Look at his shutter speed at the top of his screen while he's flying, notice how it's changing going as high as 1/500~1/1000 sometimes.
He's not shooting properly for video. If you shoot with automatic shutter you're going to get that look of jerkiness especially at lower frame rates, and when turning/moving. This is why you would do something like the 180 degree shutter rule, which gives the motion blur a more natural appearance.
So if you shot at 30 fps , you double that number and shoot at a shutter of 1/60 , but conditions could be too bright for that, and without variable aperture, that's where ND filters come in. If he's needing to do 1/500 automatically, then he needs to reduce the light 1/500 -> 1/250 -> 1/125 -> 1/60 , 3 stops to get more natural motion blur. An ND8 (0.9) will give you 3 stop less light.

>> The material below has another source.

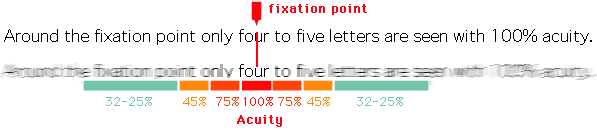 Нижній рядок тексту імітує гостроту зору у відповідних відсотках. Труднощі розпізнавання тексту збільшуються з відстанню від точки фіксації.[5]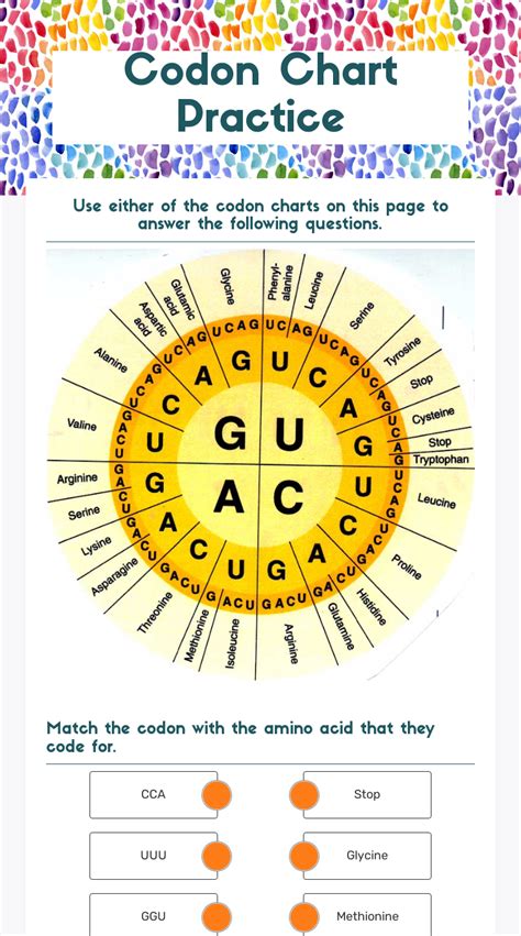 A codon worksheet is a. Then use the codonchart (below) to. A codon worksheet is a.

The reason the high shutter speed causes jerkiness is because the higher the shutter, the more freeze-frame the picture looks, giving a nice crisp image, you could likely take a single frame out of his footage and print it off even with him turning a bit. But because every frame is crisp, there's no motion blur to bridge one frame to the next and if you move fast enough there's a big gap between frames that appears to be jerky when it jumps from one to the next.
I haven't had any video/photo quality issues with Litchi since the
Mini 1,
Mini 2, and now the
Air 2S because for video I don't shoot in auto mode (though I am liking the automatic ISO on the
Air 2S as a form of automatic exposure since you don't want to touch your shutter speed). But the same issue would have been present in the fly app too so it's not software specific.
Edit: The other way you can end up causing jerkiness outside of drone is when you do the video editing. Despite the software (mainly in DJI's) telling you the frame rate is 24fps, it's actually 23.98. That's really important to know if you set up software like Premiere or Davinci Resolve with a 24fps timeline, with the footage not being exactly 24fps, it will do re-timing to compensate, the default retiming method is nearest neighbor, and you end up with jerky looking footage as a result of filling in the missing frames.